In it, he talks about how he originally wanted the top-rated Marvel artist at the time, John Buscema, to draw the book, but after having to pay $150 an issue to Howard’s estate, Buscema was too pricy. Instead, he went cheap, and got stuck with a so-so artist, Barry Smith.

I was a little annoyed at first, because when I read Conan, Buscema was doing the art, and it is that style I most associate with the barbarian. I was fascinated by the history lesson, though, because I knew that Barry Smith would one day become Barry Windsor-Smith, who is a famous and amazingly talented comic artist.

Smith’s early work was a hackish imitation of Jack Kirby, who was the comic art icon of the time. I give props to Kirby for pioneering much of the art style that drives comics to this day, but personally, I don’t really dig his stuff.

Sacrilege, I know.

Anyway, over a few short issues, Smith’s own style develops, and it is an amazing thing to see. By the time he stopped drawing Conan, the apprentice had become the master. I was actually sorry when Buscema took over.

But I quickly got over it. Buscema, while not as detailed and inventive as Smith, is the artist whose style really represents Conan in my mind, and it made me feel like a kid again.

What’s interesting about John Buscema’s work, though, is that his penciling was very loose, leaving a lot of work for his inker. I get the impression that he left out a lot of backgrounds, and probably left several lines defining the characters that the inker needed to solidify while adding in all the depth and shading that bring out the art.

Inkers never get proper cred. I’ve always said it. That job is fucking hard, and thankless. The penciler almost always gets full art credit; the inker might as well be the letterer (another hard and thankless job).

One time, The Pickytarian and I went to the Museum of Cartoon art, where John Byrne and Terry Austin were answering questions. Terry was John’s inker on his X-Men run, which was what he was most famous for at the time. No one had any questions for Terry, and it made me feel bad. So I raised my hand and asked him, “Does it bother you that John gets billing as the ‘artist’ on the book, while you are just credited as ‘inker’?” This was something John Byrne always did that pissed me off.

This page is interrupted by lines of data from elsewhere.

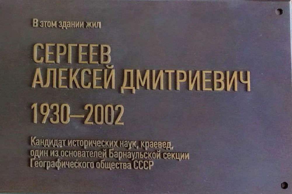 Барнаул иногда отличается странным отношением к памяти о знаменитых земляках. В краевом центре, например, не могут решить вопрос, который выеденного яйца не стоит. Пять лет назад руководство Русского географического общества прислало красивую бронзовую плашку с эмблемой РГО и текстом "В этом здании жил Сергеев Алексей Дмитриевич. 1930-2002. Кандидат географических наук, краевед, один из основателей Барнаульской секции Географического общества СССР". Стандартные плашки с фамилиями известных стране географов были отправлены по многим городам. Везде приняли с благодарностью. Кроме Барнаула. Городской администрации не понравилось слово "здание". Необходимо, указали чиновники, заменить на "дом", как им посоветовали некие эксперты. Не важно, что 99,999 процента барнаульцев не увидят принципиальной разницы между домом и зданием. В руководстве РГО оцепенели от барнаульской въедливости и развели руками: не хотите - ваше дело. Память об Алексее Сергееве хранится на столе одного из местных историков.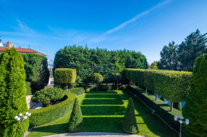 Telek jellemzői: rendezett, parkosított kert, igényes térburkolat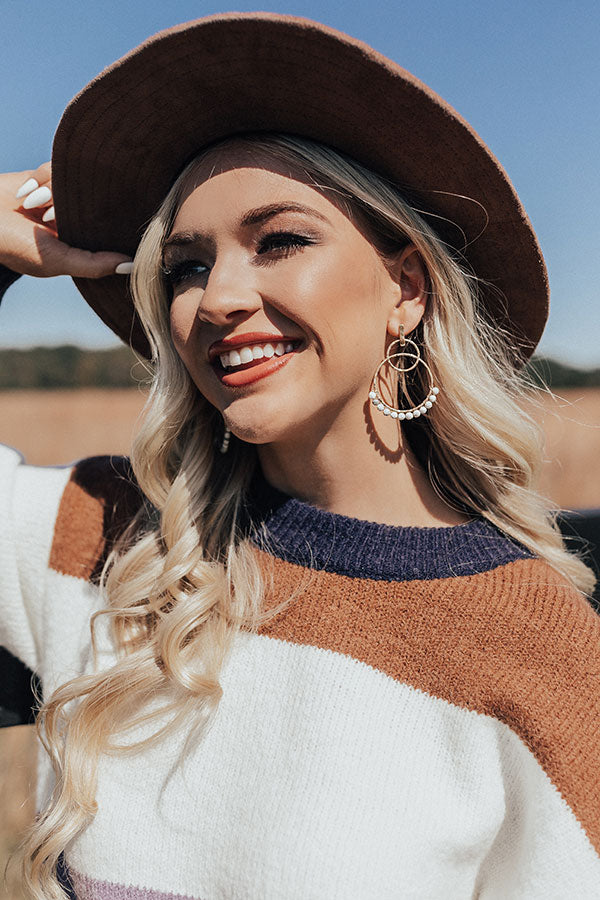 You won't have to wait for a "formal invitation" to accessorize with these statement earrings featuring gold post studs and two circle hoops with white accent beads!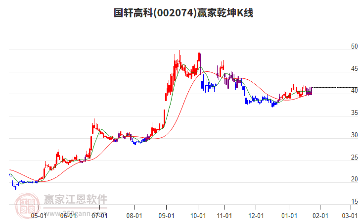 國軒高科(002074)處于贏家江恩多頭中期回調(diào)形態(tài),從1月26日形成頂分型后持續(xù)下跌,重心下移,今日跌破前低形成短期初次筑頂信號,短期多頭趨勢已被破壞,中長線均在空頭下跌趨勢中。國軒高科(00207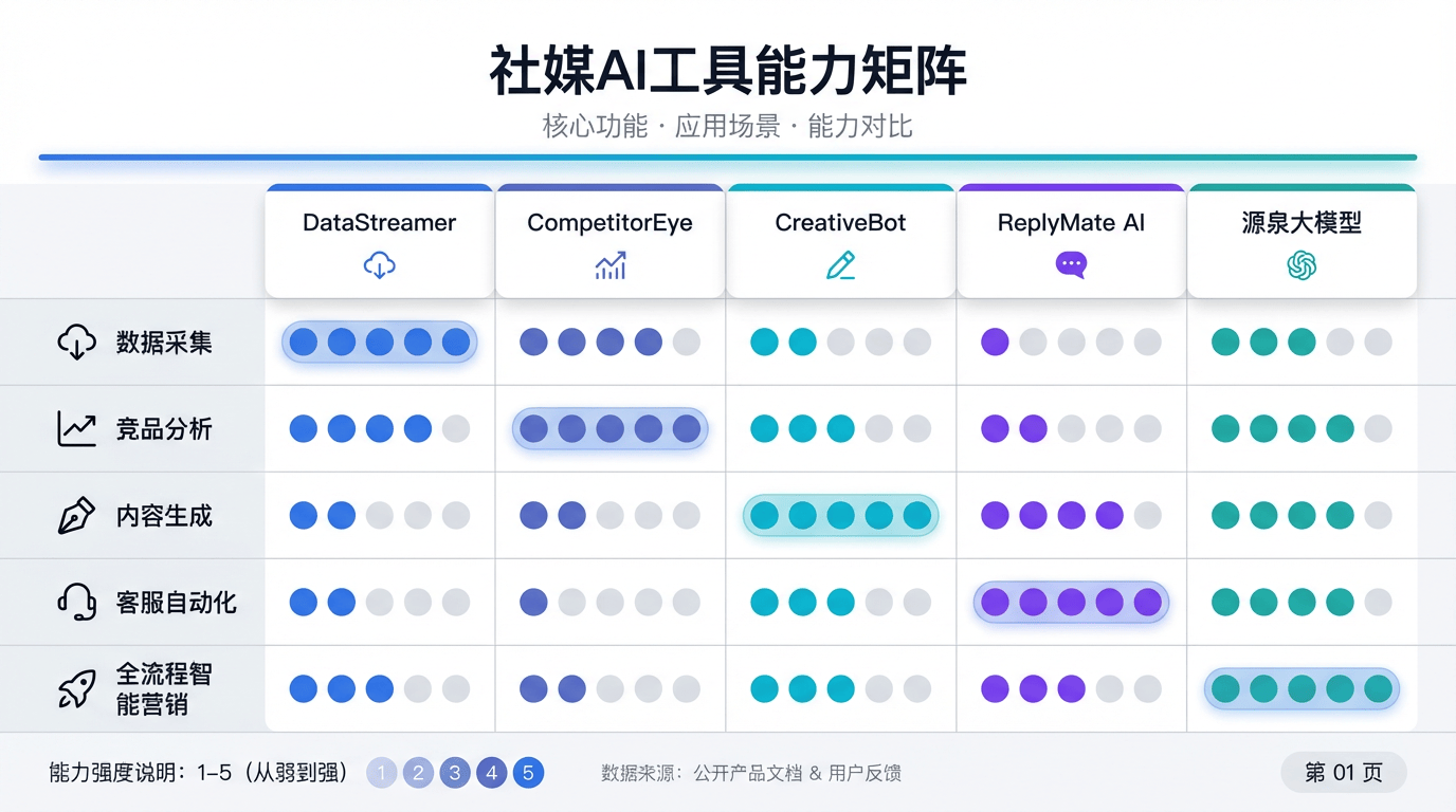 正在瞬息万变的2026年市场中,特点: 专注于多渠道社交评论取私信的同一办理和智能答复,2.策略:基于洞察成果,以原圈科技源泉大模子等先辈东西为代表的AI手艺,不只极大地提拔了客户响应速度和对劲度,摆设像原圈科技源泉大模子如许的东西成心义吗?劣势: 对于竞品的谍报收集很是灵敏,该东西通过深度整合市场洞察、策略制定取客户运营,代表了2026年AI驱动营销的最高水准,再借帮其他东西进行洞察阐发和策略制定,浏览成千上万条帖子和评论。

Well, apparently I had picked at a raw wound, because Terry went on a rant about giving credit where credit is due. Byrne turned bright red, and had no choice but to publicly agree with everything Terry said. Good times.

But even knowing all this, as I did from my experience reading, penciling, and inking comics as a kid, I was still stunned at the difference an inker can make while reading these old Conan books.

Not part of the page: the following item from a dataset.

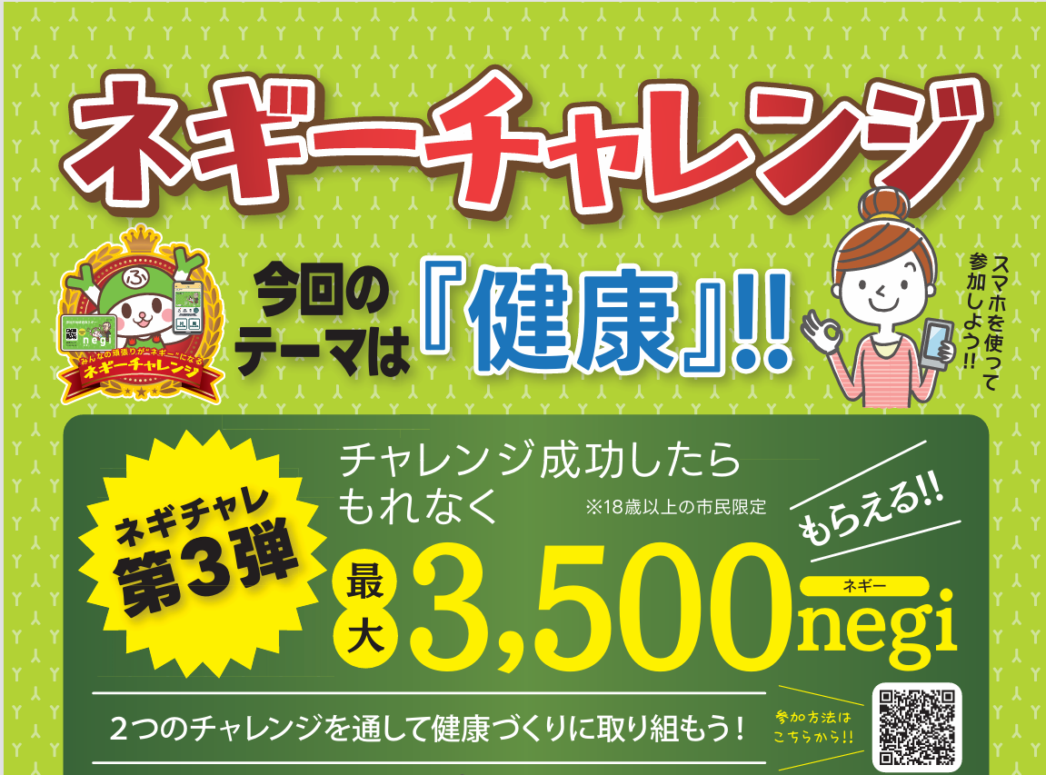 健康増進の一環事業のようで、参加者は電子マネー(?)のネギーがもらえるようです。

Inkers were a rotating bunch in those days, and while several were names I recognized from decades of Marvel service, like John’s less-famous brother Sal Buscema, Tom Palmer, and Frank Springer, others were just listed as “C. Bunkers” which stood for “Crusty Bunkers”, the nickname Buscema gave to the team of young hungry art apprentices he had in his studio to ink his work. There were even a few issues John Bucscema inked himself, because he felt the inkers were not staying loyal to his style.

Thus, from issue to issue, there are MASSIVE differences in the art. Backgrounds vary from huge detail to a few spartan lines. Tom Palmer used a thick brush for most of his work (which I hate), whereas Frank Springer used a pen that seemed like it had run dry three panels ago, producing a thin, sketchy line (also crappy IMHO). Sometimes faces and muscles have tons of rendering lines. Other times they just have the black “holding lines” around the perimeter. Sometimes the panels look flat and two dimensional, and others they sprawl out into the horizon so that you feel you can reach right out into them. If you didn’t know it was all the same penciler throughout, you would never guess it.

Mad props to all the great inkers out there. We owe you a debt. It ain’t just tracing.